WHAT IS BEING ASKED →
What are the lines from the top of the entries below through the line containing "米軍用ヘリコプター離発着帯建"? Return them exactly, both ends included, without the pictures.

Collected data entries →
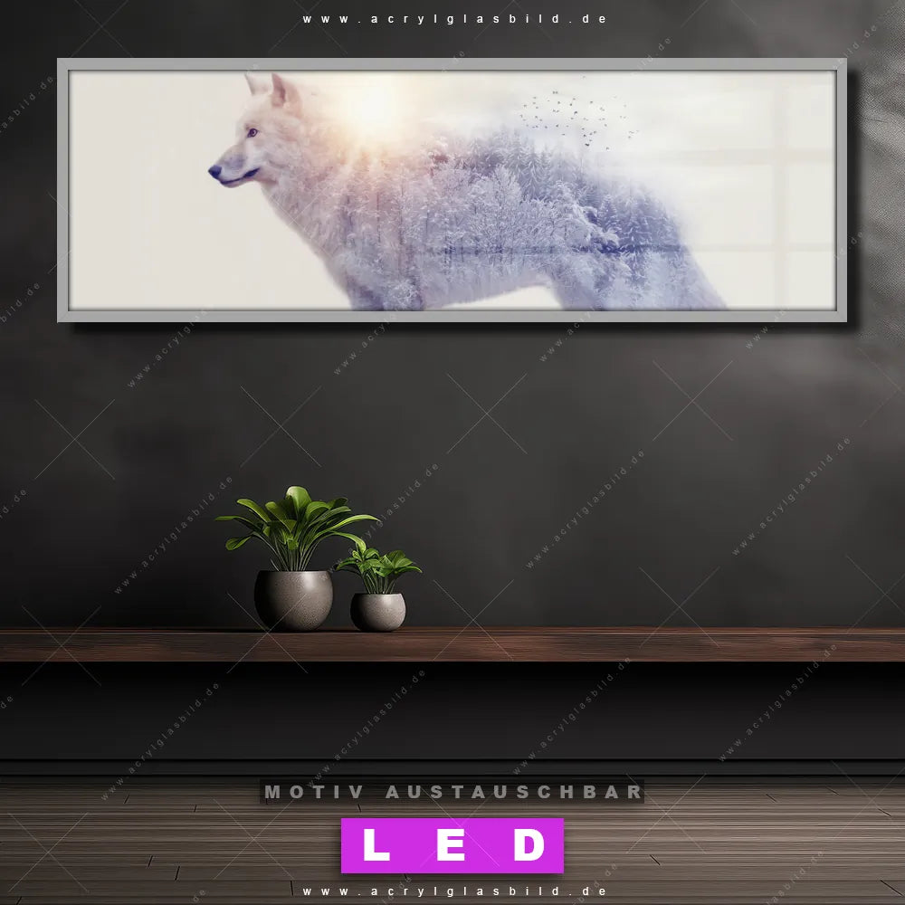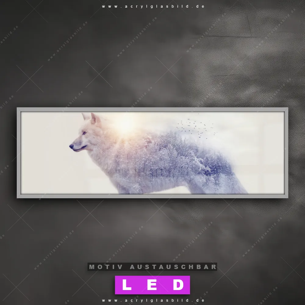 Also, worauf wartest du noch? Verwandle deine Wände mit einem LED Leuchtbild in wahre Kunstwerke und bestelle jetzt das Canvalight® DIA LED Acrylglasbild weißer Wolf mit Wald. Deine Wände werden strahlen, und deine Freunde werden dank der wechselbaren Motive staunen!
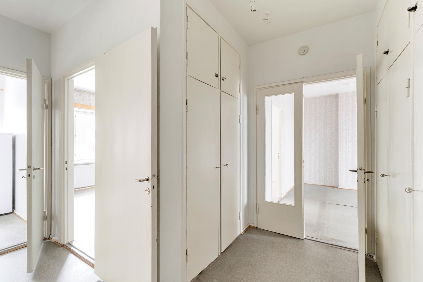 - Keittiö: Alkuperäisessä kunnossa. Muovimattolattia, seinät maali. Olohuone: Muovimattolattia, seinät tapetti. Makuuhuone 1: Muovimattolattia, seinät tapetti. Makuuhuone 2: Muovimattolattia, seinät tapetti. Kylpyhuone: Laattalattia, seinät laatta/maali. Eteinen: Muovimattolattia, seinät maali.
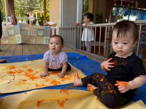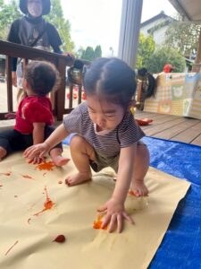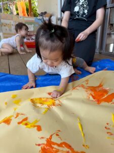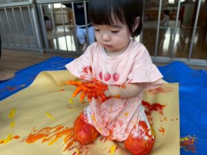 フィンガーペイントを楽しんだ後は全身で絵の具遊びに挑戦★
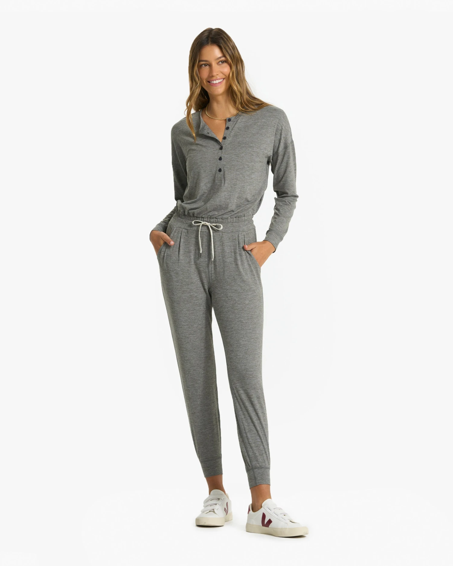 Lux Henley Jumpsuit | Heather Grey
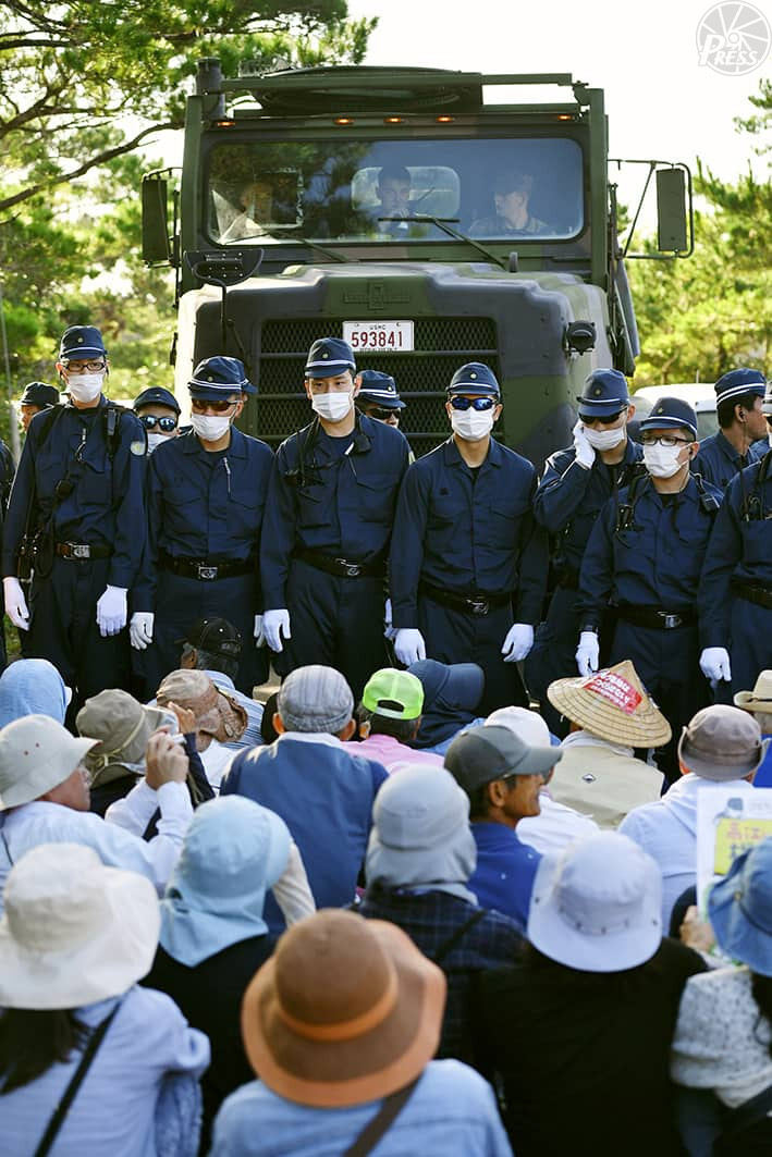米軍用ヘリコプター離発着帯建設現場近くで訓練場に入る米軍車両(後方)の前に座り込む人たちと対峙する機動隊員(10月26日 沖縄県東村
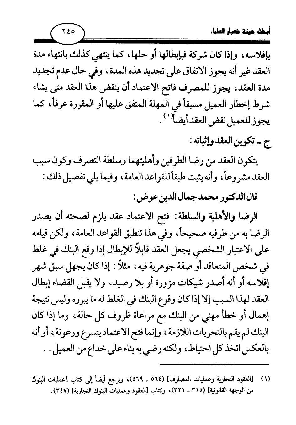 الرضا والأهلية والسلطة: فتح الاعتماد عقد يلزم لصحته أن يصدر الرضا به من طرفيه صحيحا، وفي هذا تنطبق القواعد العامة، ولكن قيامه على الاعتبار الشخصي يجعل العقد قابلا للإبطال إذا وقع البنك في غلط في شخص المتعاقد أو صفة جوهرية فيه، مثلا: إذا كان يجهل سبق شهر إفلاسه أو أنه أصدر شيكات مزورة أو بلا رصيد، ولا يقبل القضاء إبطال العقد لهذا السبب إلا إذا كان وقوع البنك في الغلط له ما يبرره وليس نتيجة إهمال أو خطأ مهني من البنك مع مراعاة ظروف كل حالة، وما إذا كان البنك لم يقم بالتحريات اللازمة، وإنما فتح الاعتماد بتسرع ورعونة، أو أنه بالعكس اتخذ كل احتياط، ولكنه رضي به بناء على خداع من العميل. .
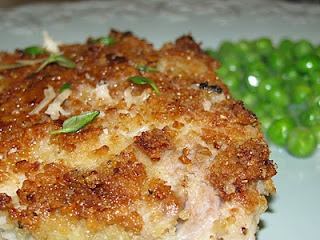 Try this twist on breaded pork chops with asiago cheese and the squeeze of lemon and touch of thyme before serving. Perfect with some roasted asparagus and a side of pasta for dinner.
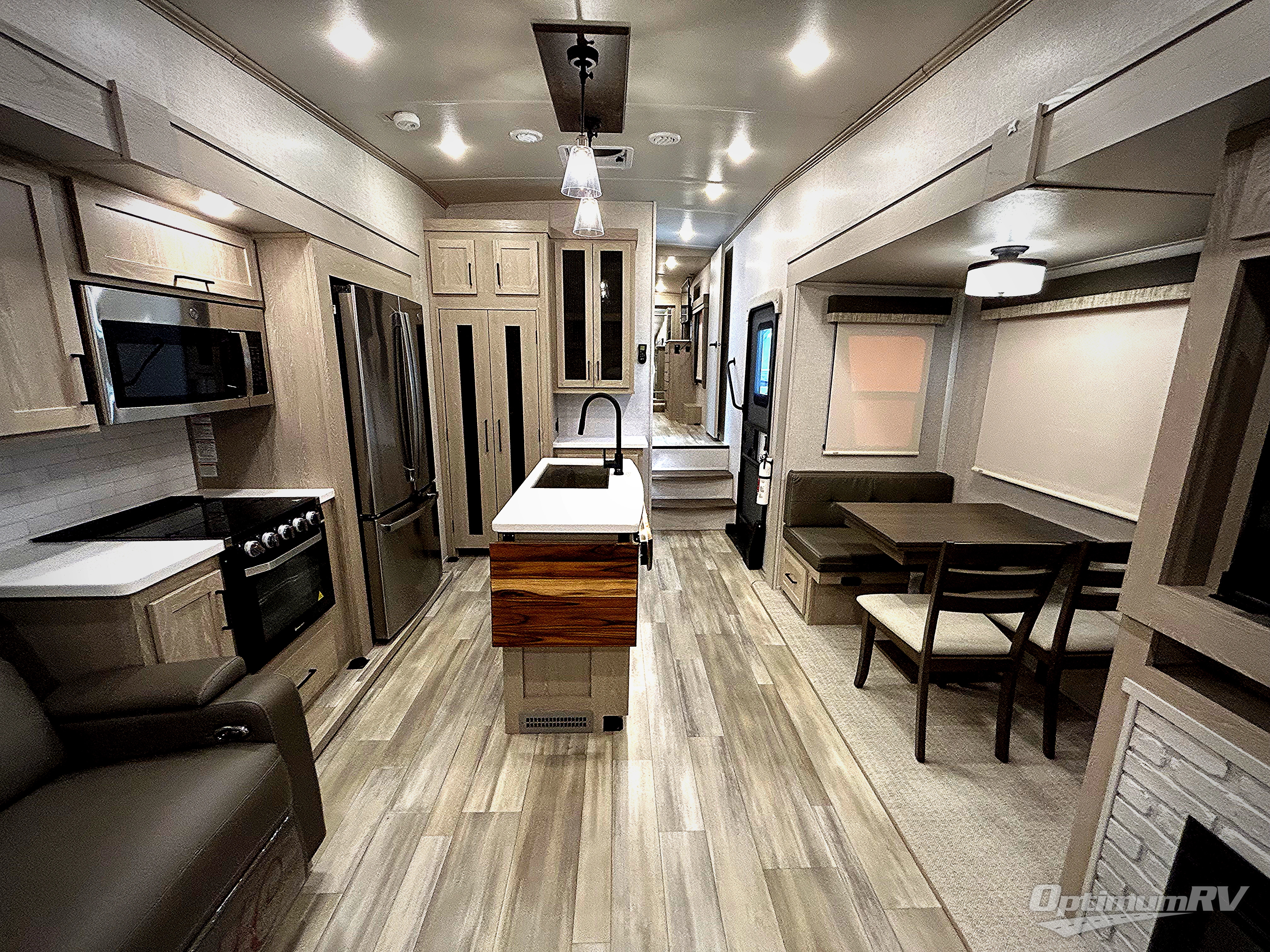 Meal prepping is made easy in this fifth wheel with a kitchen island! You can even prepare dinner outdoors at the outside kitchen with a refrigerator to keep your beverages cold while you cook. The booth & chairs dinette is big enough for everyone to gather around for game night, or some can choose to relax on either the rear 76" hide-a-bed sofa or 60" theater seating across from the entertainment center with a fireplace. The full bathroom has a shower with a seat to rinse the sand out of your hair and a linen closet close by to store your towels. Inside the front private bedroom is a king bed slide across from a dresser with the option to add a TV, as well as a front wardrobe with a shirt closet and an area to add an optional washer and dryer!

YOUR SOLUTION →
 Also, worauf wartest du noch? Verwandle deine Wände mit einem LED Leuchtbild in wahre Kunstwerke und bestelle jetzt das Canvalight® DIA LED Acrylglasbild weißer Wolf mit Wald. Deine Wände werden strahlen, und deine Freunde werden dank der wechselbaren Motive staunen!
 - Keittiö: Alkuperäisessä kunnossa. Muovimattolattia, seinät maali. Olohuone: Muovimattolattia, seinät tapetti. Makuuhuone 1: Muovimattolattia, seinät tapetti. Makuuhuone 2: Muovimattolattia, seinät tapetti. Kylpyhuone: Laattalattia, seinät laatta/maali. Eteinen: Muovimattolattia, seinät maali.
 フィンガーペイントを楽しんだ後は全身で絵の具遊びに挑戦★
 Lux Henley Jumpsuit | Heather Grey
米軍用ヘリコプター離発着帯建設現場近くで訓練場に入る米軍車両(後方)の前に座り込む人たちと対峙する機動隊員(10月26日 沖縄県東村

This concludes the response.